# 30 degrees outside



## DianeB (Nov 5, 2012)

30 outside, 74 in living areas, stovetop running 500, back rooms 67, air to stove set at a little below 1/4. Stove heating well.  Will be interesting to see how it does at 7 degrees as the winter progresses.   May need to run it close to 600 to keep up when it gets that cold.  Have used fans to help to distribute the air but we are OK with cooler bedrooms to sleep in.  Dog and Cat pretty much zombies in front of the fire.  
Using nice dry wood - perhaps 16 on the moiture scale.


----------



## ScotO (Nov 5, 2012)

supposed to get into the mid 20's here tonight in the central PA mountains.  We're cruising along with some good silver maple and elm, not sure what the stove's at but it's around 78 in here, and there's windows open.....


----------



## lopiliberty (Nov 5, 2012)

Is that all the warmer it is inside?  Its 28 outside here and 87 inside.  I don't think I'm going to reload before bed which is very soon.


----------



## pen (Nov 5, 2012)

lopiliberty said:


> 87 inside.

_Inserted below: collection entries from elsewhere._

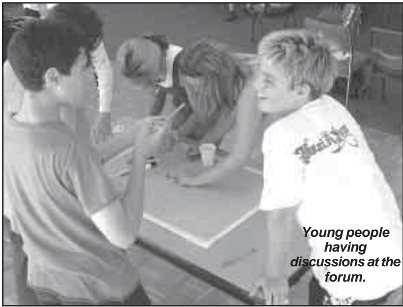
Young people having discussions at the forum.
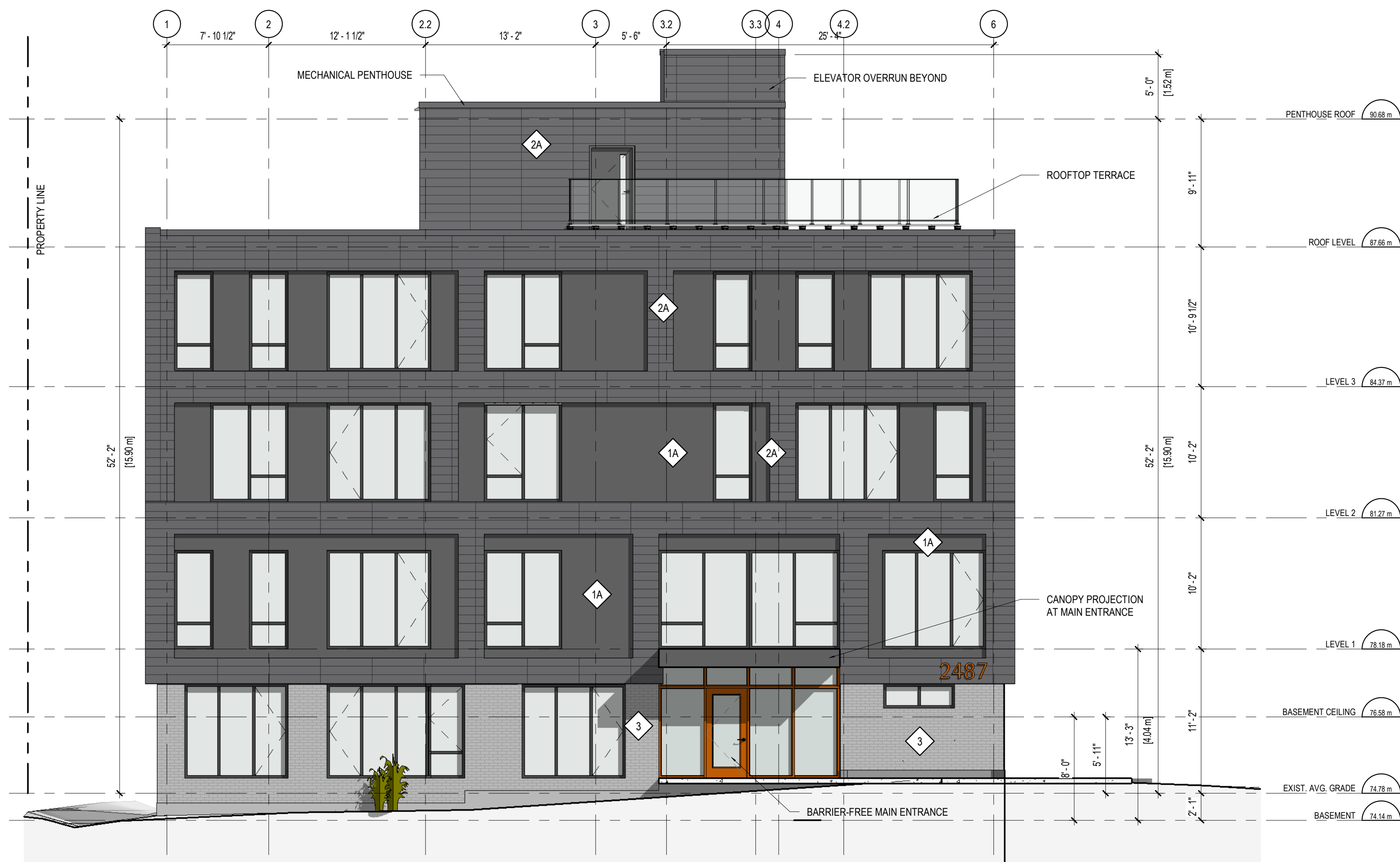
2 SOUTH ELEVATION A200 1 : 75

GERALDINE WILDMAN A/MANAGER, DEVELOPMENT REVIEW EAST BRANCH PLANNING, INFRASTRUCTURE & ECONOMIC DEVELOPMENT DEPARTMENT, CITY OF OTTAWA
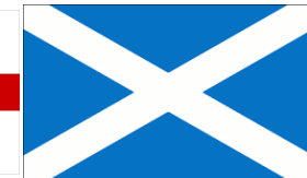
Flag of Scotland
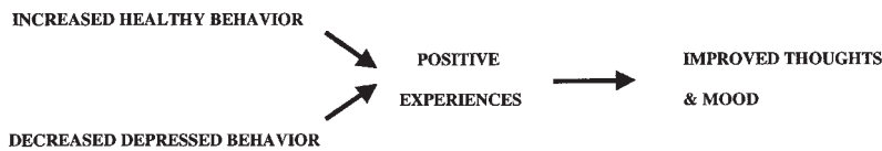
Figure 1. A diagram outlining the treatment rationale.

Regarding depressed behavior, possible benefits include the avoidance of certain unpleasant or stressful activities, other people completing your responsibilities, or receiving more attention and sympathy from your family and friends. Because of these immediate benefits, it is not surprising that depressed behaviors may become more frequent, especially if the benefits of healthy behavior appear to be more difficult to achieve and less immediate. Unfortunately, as the frequency of depressed behaviors increase and the frequency of healthy behaviors decrease, important life areas may become neglected (work absences or decreased social contact), and long-term negative consequences often result. Again not surprisingly, these consequences produce a “downward spiral” that may make you feel both overwhelmed and trapped in your depression.
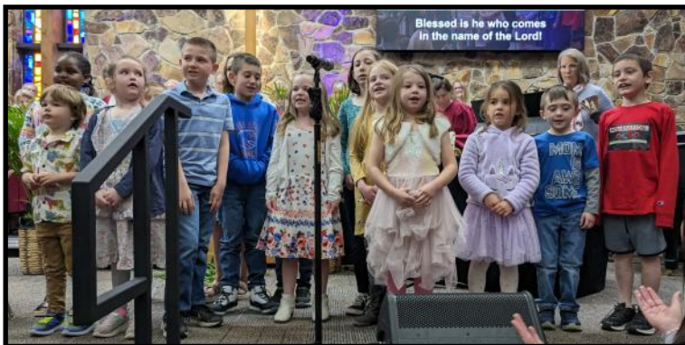
Children singing with the choir on Palm Sunday 2024

Palm Sunday - Palm Sunday is just around the corner! Here at the Church of the Warm Heart, our children lead us in a Palm parade with live palms at both services! The Angels Alive choir will be singing WITH the Celebration Choir (9:30AM) that morning (April 13) too! Make plans to attend.
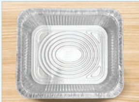
CODE :- HALF SIZE DEEP PAN
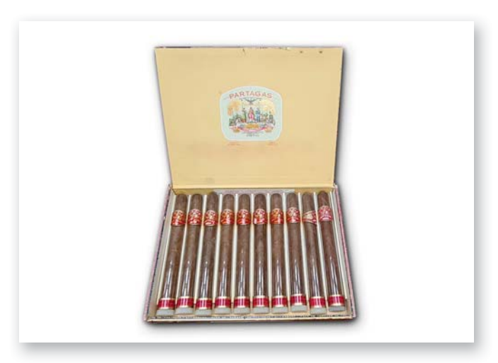
LOT 236 PARTAGAS VISIBLE
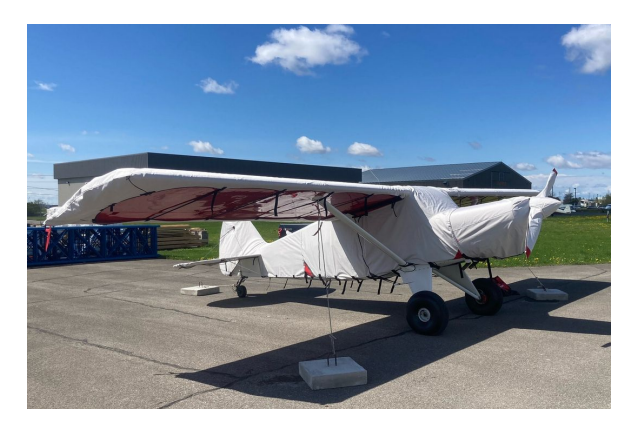
Bearhawk 4-Place Complete Cover Set, AFTER

WINTER USE MATERIAL - Made with Solution-Dyed Polyester fabric, this option is intended for seasonal use to aid in deicing, rain mitigation, or for occasional travel. The material is lighter and more compact, but more susceptible to UV damage and may have a shorter useful life if used continuously outside than the all-year use material.
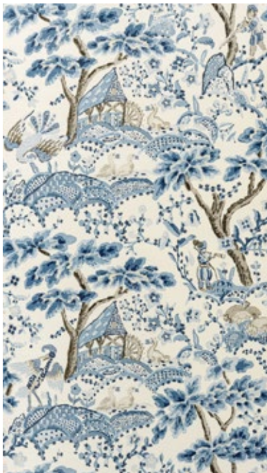
PORCELAIN SC 0001 WP88588

NEW IN 2024 - Kelmescott Wallcovering is digitally printed, on a 34" wide grasscloth ground, with pigment-based dyes that fully emphasize the color variation typical of hand block printing. Freshly interpreted and rescaled for the story to read vertically for a wall friendly layout.
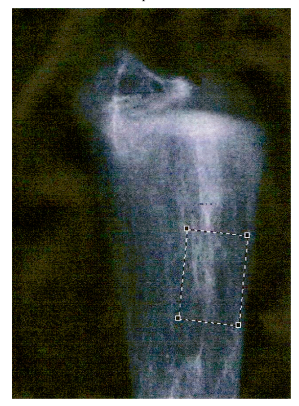
Fig. 1. A fragment of a radiogram of the tibiotarsal bone of a domestic goose with the marked area for analysis (80 x 90 mm<sup>2</sup>).

In order to establish which of the parameters are optimal while analysing the structure of the tibiotarsal bones, the number of trabeculae in given horizontal lines on the marked surface of the radiogram was determined by eye. Then the number was compared with the results achieved using the Trabecula® programme which depended on the selection of individual parameters.
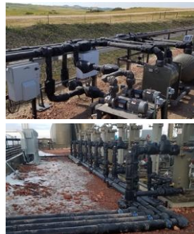
High Traffic Areas
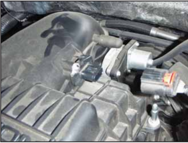
e. Connector disengaged from the sensor.
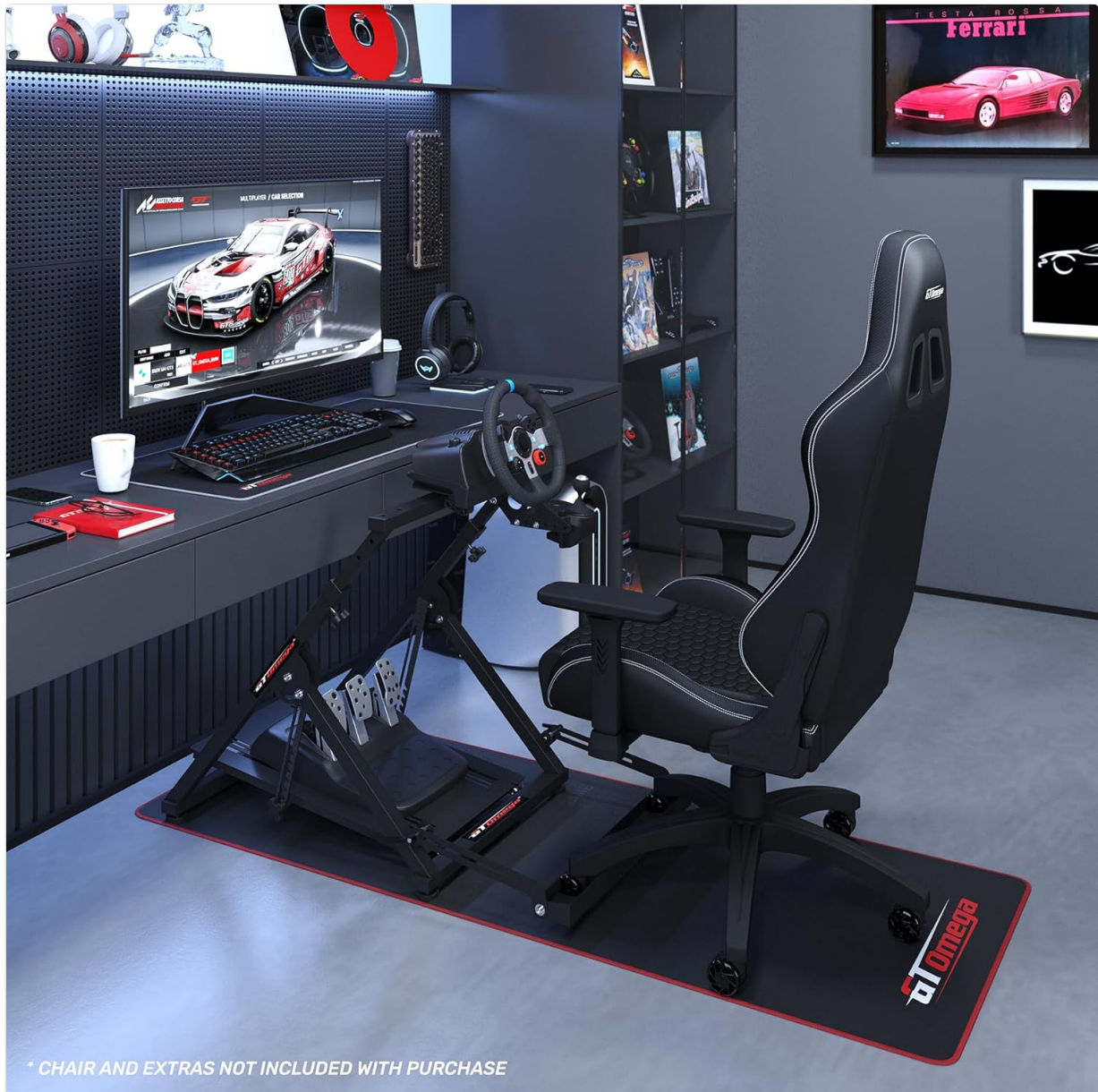
Figure 2.2: The Apex Racing Wheel Stand set up with a gaming chair, demonstrating the use of the ChairLink for enhanced stability. Chair and other accessories are not included.
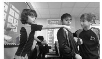
Billeting officer sending children to new home
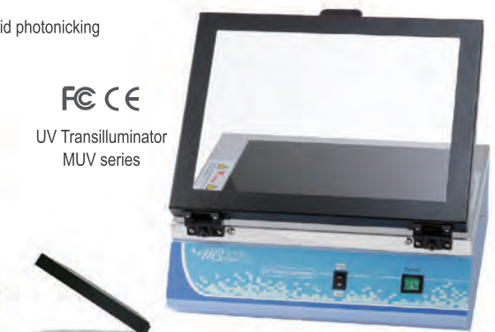
UV Transilluminator MUV series
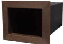
Newspaper box: aluminum frame with black masonry box. Frame: 11" x 9-1/4". Insert: 9" x 7" x 15-3/4". (NEW-1415)
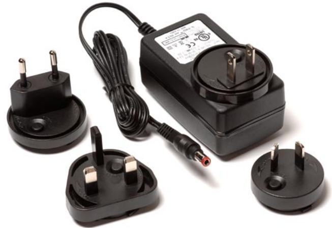
*Photo shows optional blades kit
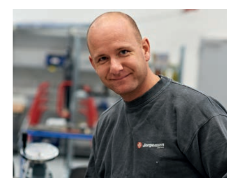
Quick help is essential. Not least for accidents that affect the eyes, where every second counts.
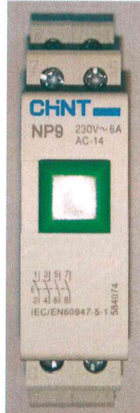
Images of NP9
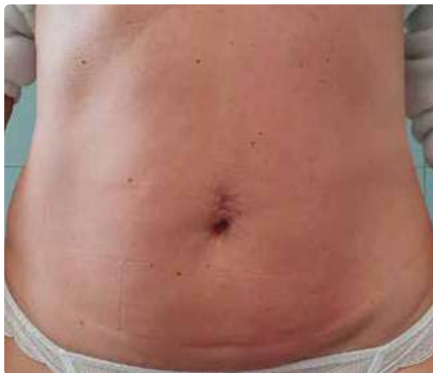
30 days after the 4 th treatment
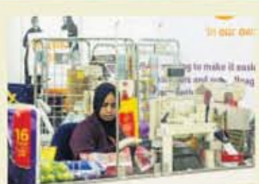
UNSUNG Supermarket worker

Across the West, nations have turned inwards rather than looking for ways to cooperate. The big challenge will be to once again make the case for openness and connectivity. If the UK is to achieve its vision for "a truly Global Britain", we will need to lead from the front.
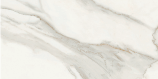
SA24462 ▶ Mattina D'Oro
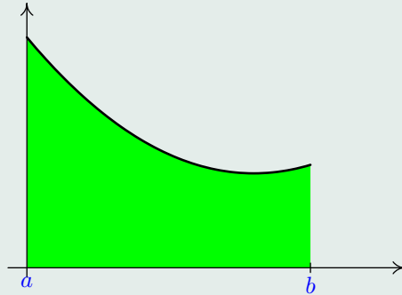
Figure 1: Floating figure
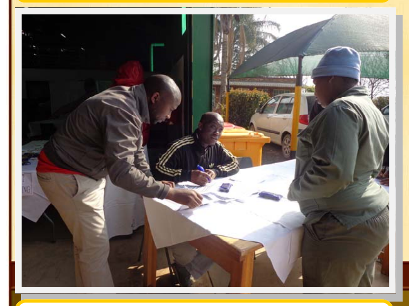
The technical team assisting with registration
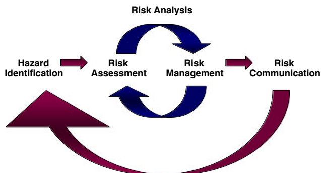
Fig. 2. Schematic of the Risk Analysis paradigm.

Given the conservation implications of measles infections in NHP populations in particular, and cross-species transmission of endemic human pathogens in general (especially other pathogens spread via the respiratory system, such as tuberculosis and influenza), it is important to consider the ways in which NHP populations can be protected from endemic human diseases. One approach to this issue is to use the risk analysis paradigm described by Travis and colleagues in this issue. In the present article we use the risk analysis framework to organize a discussion of what is known about human–NHP transmission of measles, what directions future research on the subject should take, and how these data can be used to reduce the risk of human–NHP disease transmission (Fig. 2). Two NHP populations with contrasting patterns of measles antibody seroprevalence will be used to illustrate the main points with respect to risk analysis.

I don't think I'm going to reload


 
If you do reload, you deserve to drown in your own sweat!

pen


----------



## pen (Nov 5, 2012)

DianeB said:


> 30 outside, 74 in living areas, stovetop running 500, back rooms 67, air to stove set at a little below 1/4. Stove heating well. Will be interesting to see how it does at 7 degrees as the winter progresses. May need to run it close to 600 to keep up when it gets that cold. Have used fans to help to distribute the air but we are OK with cooler bedrooms to sleep in. Dog and Cat pretty much zombies in front of the fire.
> Using nice dry wood - perhaps 16 on the moiture scale.


 

You have just described wood burning nirvana.

Well done.

pen


----------



## DianeB (Nov 5, 2012)

lopiliberty said:


> Is that all the warmer it is inside? Its 28 outside here and 87 inside. I don't think I'm going to reload before bed which is very soon.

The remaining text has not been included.